Yes, the Whoregey theory of light and gravity future novel prize winning theory.
Yeah, yeah, absolutely, you can do that, and people have actually tried to do this to build like a bridge between Newtonian and Einsteinian theories. One thing we do when we come up with a brand new theory is we try to understand, like, is the old theory a special case of this new theory. How do they fit together? Is one at generalization of the other one? And so people have actually gone back and tried to like patch these things together and say, could you go from Newtonian physics to einstein and physics using that direction to avoid the interpretation of curvature. And there are some effects that you can can get right. For example, you can describe how light bends using this apparent force between energy rather than a force between mass. But you can't get all the details right of the curvature of space time. There's more information in there in the metric and the curvature of space time that can just be described by the force. It's sort of like a richer theory.

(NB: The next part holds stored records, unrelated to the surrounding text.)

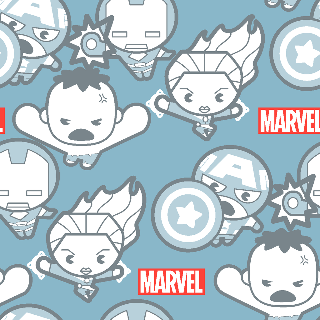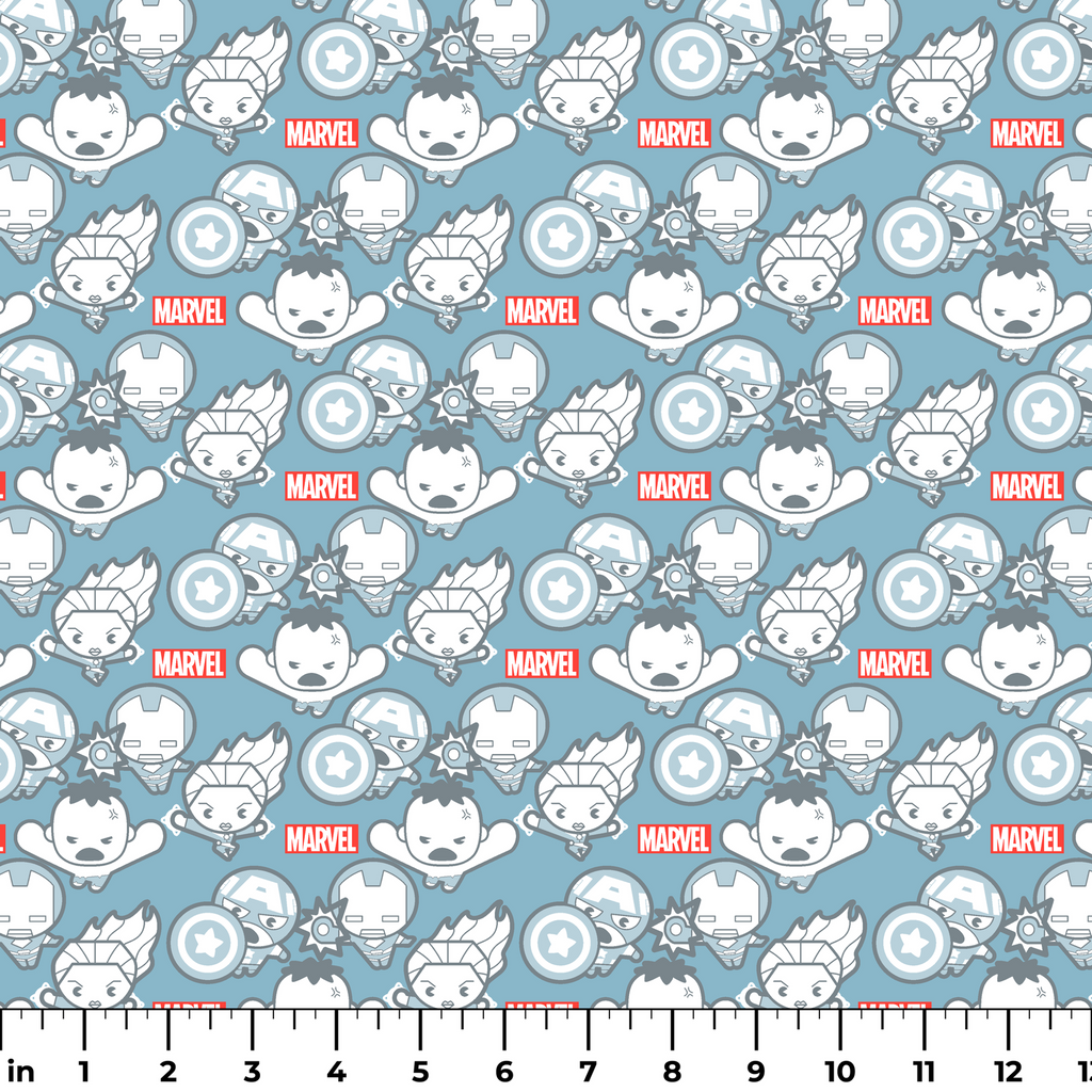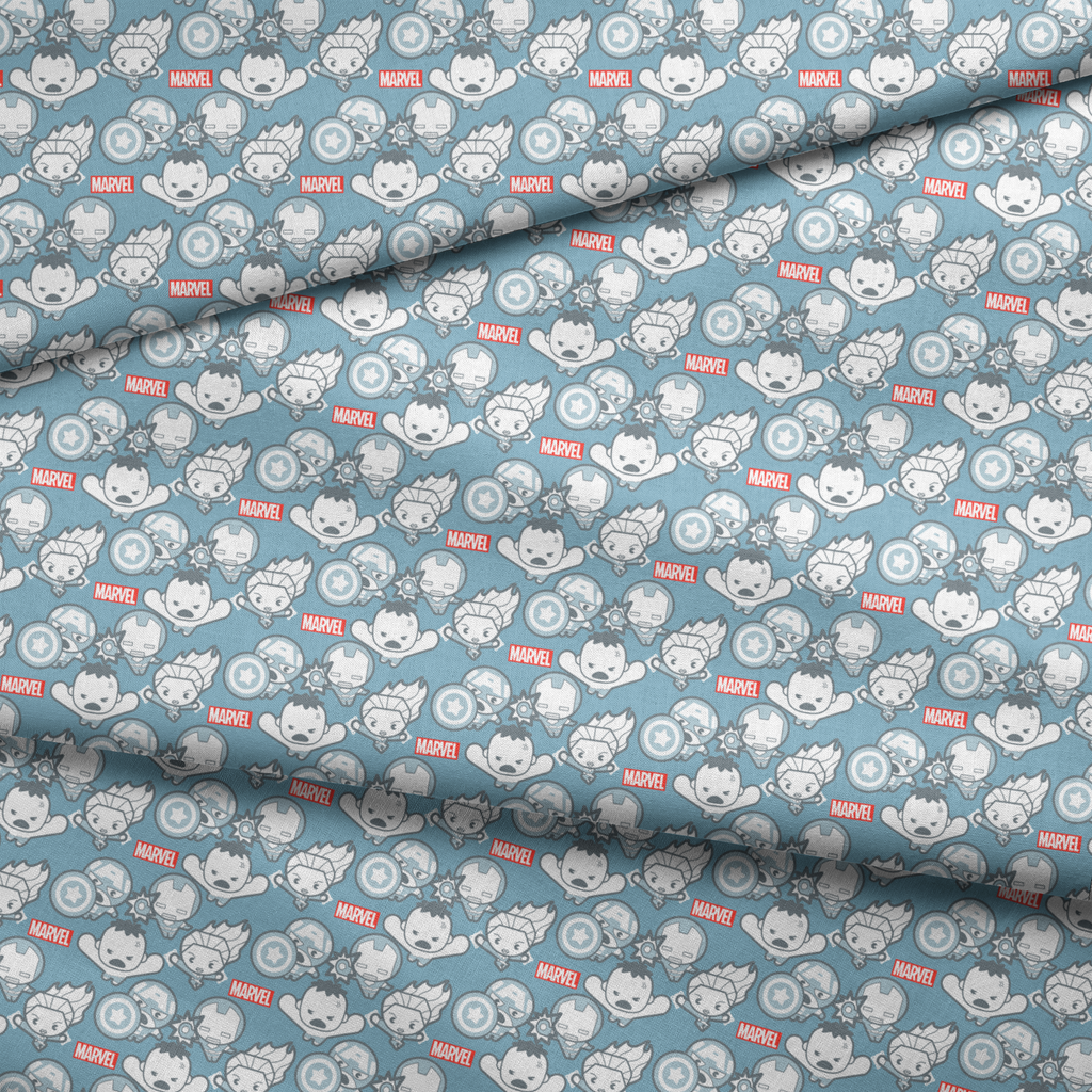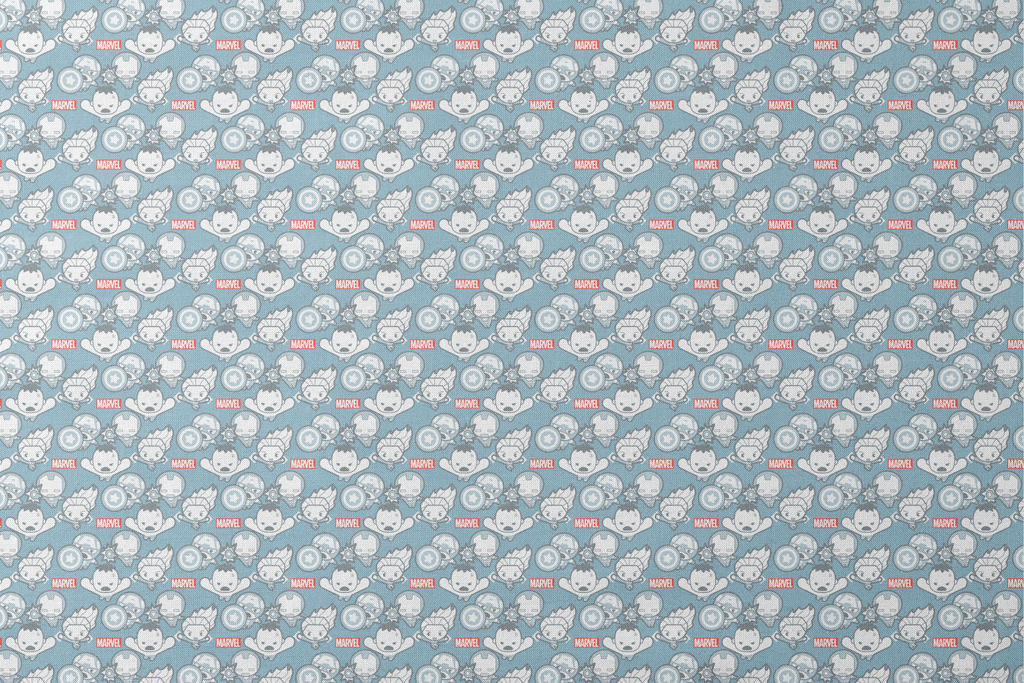 Adorable Marvel superhero cartoon pattern featuring iconic characters with shields, masks, and gear on a light blue background. Perfect for fans of comic book style and modern pop culture.
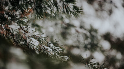 Christmas frosted pine tree branches with snow background, snowy bokeh background for a festive atmosphere.
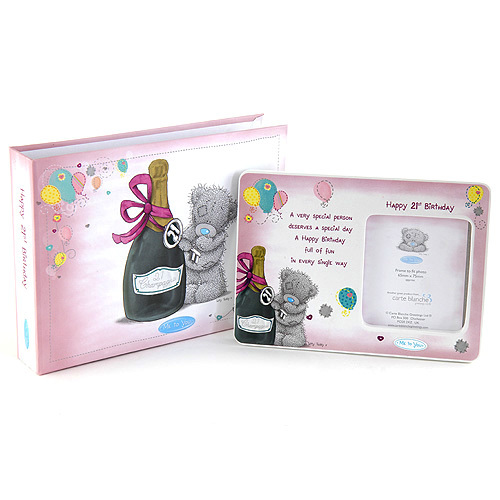 Fotoalbum s atraktivním motivem medvídka Me to You na deskách umožní vytvořit vlastní sbírku fotografií. Album je vyrobeno z kvalitních materiálů, má 36 kapes, pojme fotografie o velikosti 15x10cm a jednotlivé obaly umožňují jednoduché a bezpečné uložení fotografií a jejich popisků. Svoji nejmilejší fotografii uložte do atraktivního fotorámečku o rozměru 65x75mm se stejným motivem, který dodá sadě na jedinečnosti. Krásný dárek k jednadvacátým narozeninám.
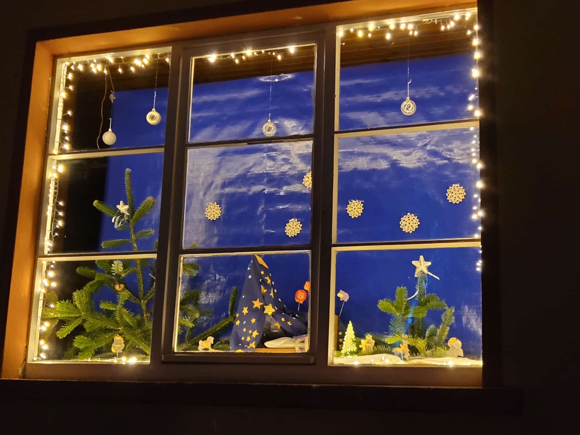 Unser liebevoll von Hannah Gabbert gestaltetes Weihnachtsfenster wurde durch die Geschichte, vorgetragen von Elke Zurheide, ergänzt. Abgerundet wurde die Szenerie durch die musikalische Begleitung von Clara, Sina, Sinah und Ellen. Nochmals vielen Dank für eure Zeit und und Bereitschaft die Erzählung musikalisch zu begleiten!
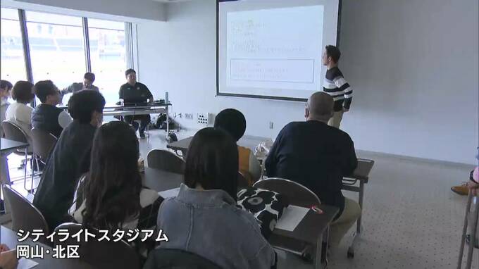 サッカーJ2・ファジアーノ岡山のホームゲームの運営をサポートするボランティアスタッフの説明会が開かれました。(ボランティア経験者)「笑顔でお迎えして気持ちいい試合を見てもらう」シティライトスタジアムで…
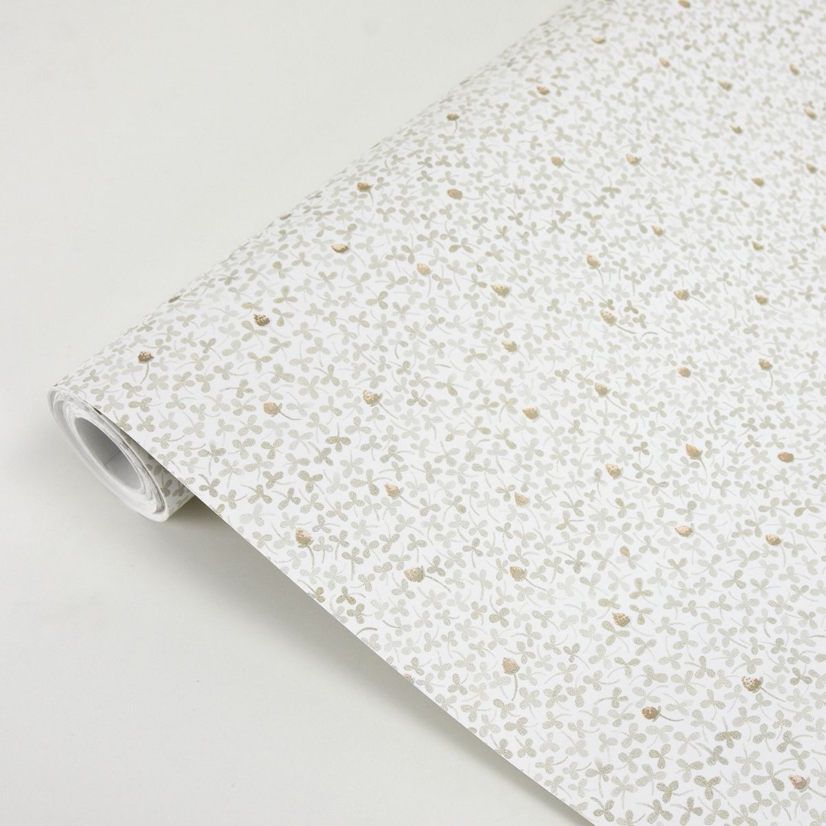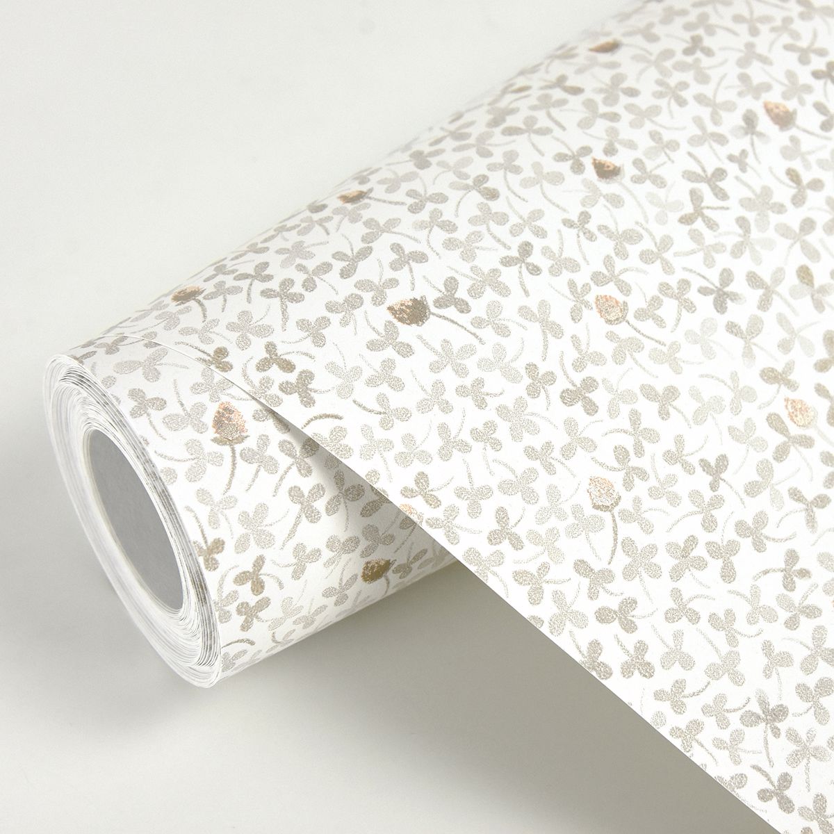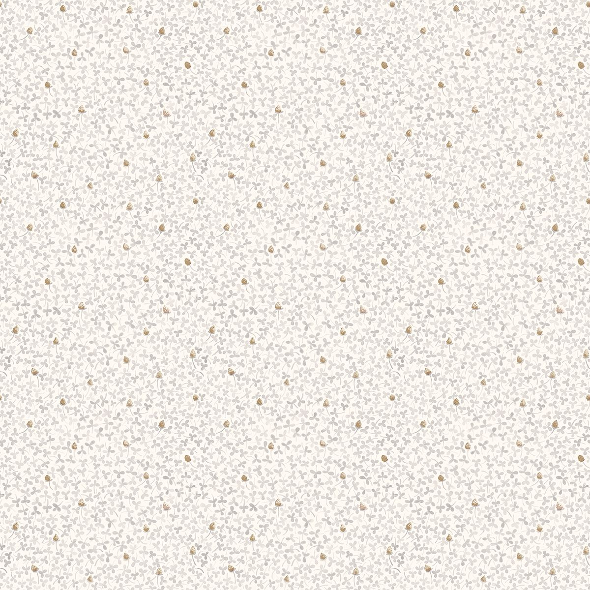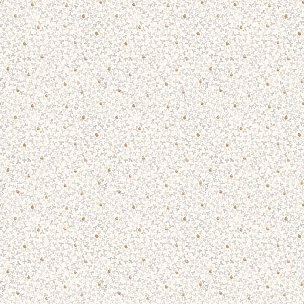 Breathe a fresh energy into rooms with this whimsical wallpaper. Grey miniature clovers frolic about a white background, while gold accents add a touch of glamour to its nature inspired design. Lark is an unpasted, non woven wallpaper.
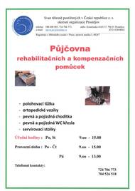 Svaz tělesně postižených v České republice nabízí k zapůjčení polohovací lůžka, ortopedické vozíky, pevná a pojízdná chodítka a další kompenzační pomůcky ve své půjčovně v Prostějově. Kontakt: 724706773 nebo 704526518
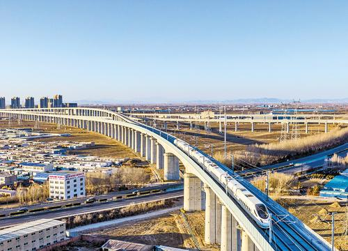 12月27日,动车组列车驶过京唐城际铁路唐山特大桥。河北日报记者赵杰 摄
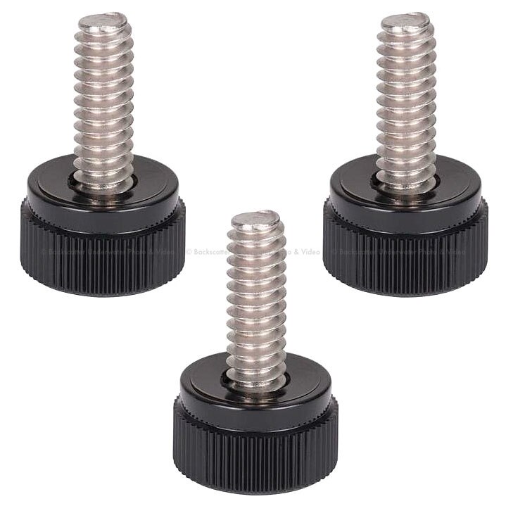 Set of three 6-32 x 13/32" thumb screws with socket drive. Compatible with all DL series lens ports.
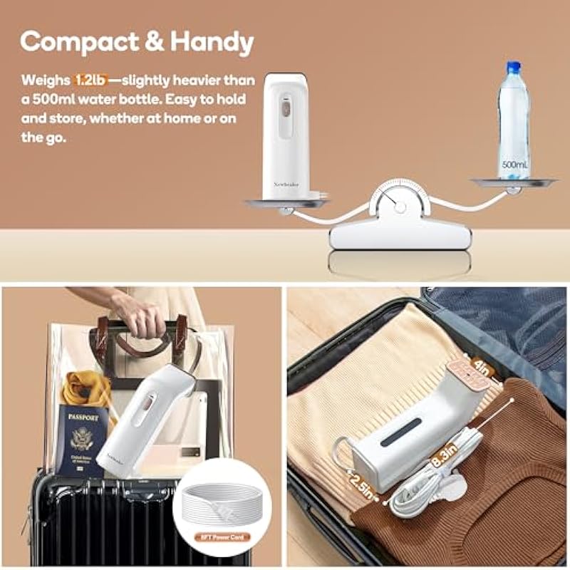 - Ideal for Delicate Fabrics: Used on lightweight materials like silk, cotton, and linen, this handheld steamer gently cares for delicate fabrics. Compact and portable (4″ x 2.5″ x 8.3″, 1.2 lbs), we consider it lightweight, though individual preferences may vary. Please evaluate based on your travel needs and comfort
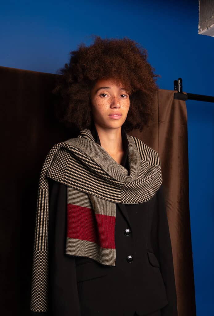 SCARF JACK by La Femme Garniture is a beige-black dual-colored thick scarf in a beautiful relief stitch with a strong graphic appearance. Wear it with a bold colored jacket or coat to elevate the look.
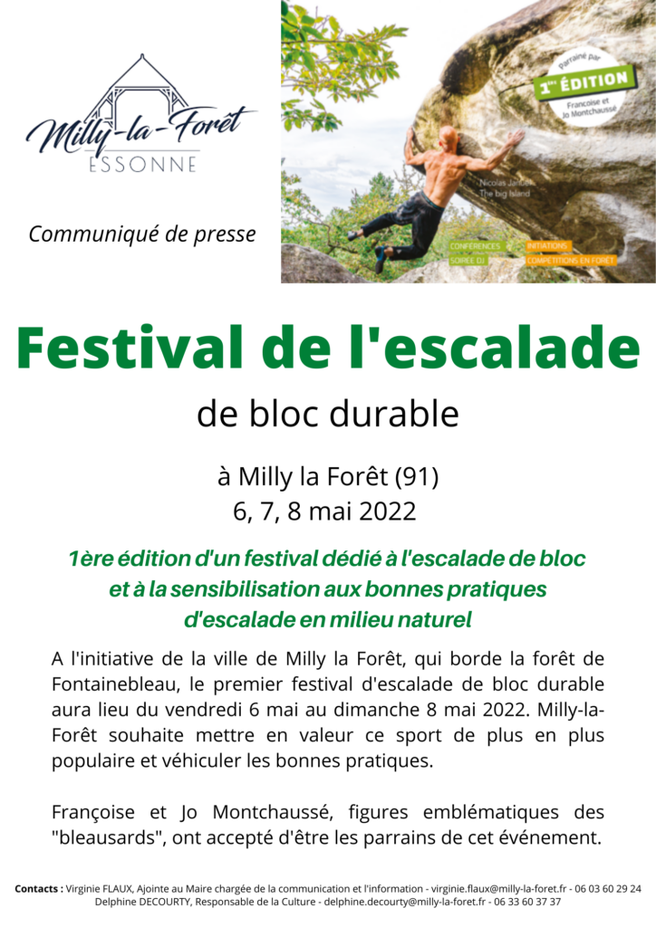 4 avril 2022 Festival d’escalade de bloc durable les 6,7,8 mai 2022 Retrouvez toutes les informations sur le site : https://www.festival-escalade-milly.com/
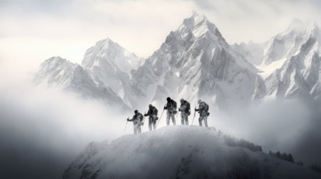 Synergy fuels a groups ascent, teamwork etching paths to the lofty summit
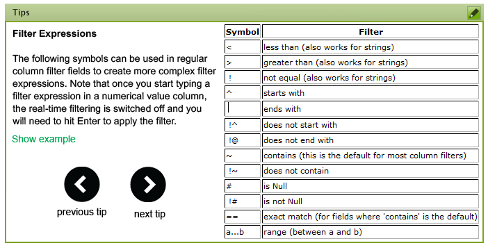 | Description | it would be good to inform the user and train them about new and advanced features. Good example is filter expressions that have a steep learning curve. | |||||||||||
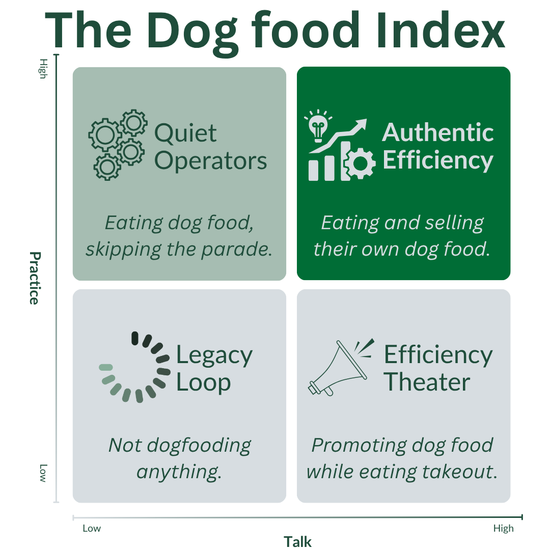 Picture a simple two-by-two grid. I call it the Dog food Index. One axis shows how loudly a team talks about efficiency. The other shows how deeply it practices it.
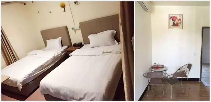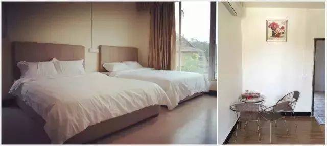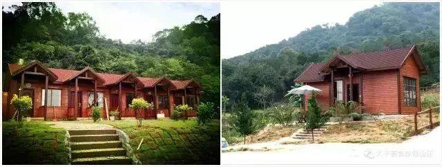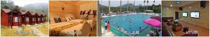 【住】主题木屋、半山木屋、亭园木屋、温泉套房、KTV套房、标双(山庄房间34间34床,可接待50人以下团队入住)
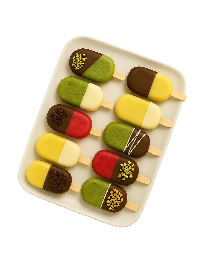 Tyto ovocné nanuky jsou tím pravým letním osvěžením do horkých dnů. Čerstvé zmražené ovoce, ozdobené variacemi bílé, mléčné a tmavé belgické čokolády a různými druhy oříšků, zachutná i náročným mlsným jazýčkům. Nanuky jsou vyrobené z mixu ovoce - jahody, ananas, kiwi, melouny či další druhy ovoce. Nanuky nejsou slazené, neobsahují cukr ani lepek. Belgická čokoláda samozřejmě cukr i laktózu obsahuje, na přání vám uděláme ovocné nanuky bez čokolády jen z čistého čerstvého mixovaného ovoce. Doručujeme chlazené po Praze a Středočeském kraji.

I see. So I guess what I was trying to get to is that, you know, gravitational lensing is a test of gravity, but it's not like a slam dunk case of gravity right of general relativity exactly.
You can add bells and whistles to Newton's theory to make gravitational lensing happen.
Yeah, yeah, it's called the bells and Whistles theory of the universe, the B and W. All right, well, let's get into how else we know that general relativity is wrong, and let's talk about how it's wrong and where we think it might finally break. So let's stick into that. But first let's take another quick break.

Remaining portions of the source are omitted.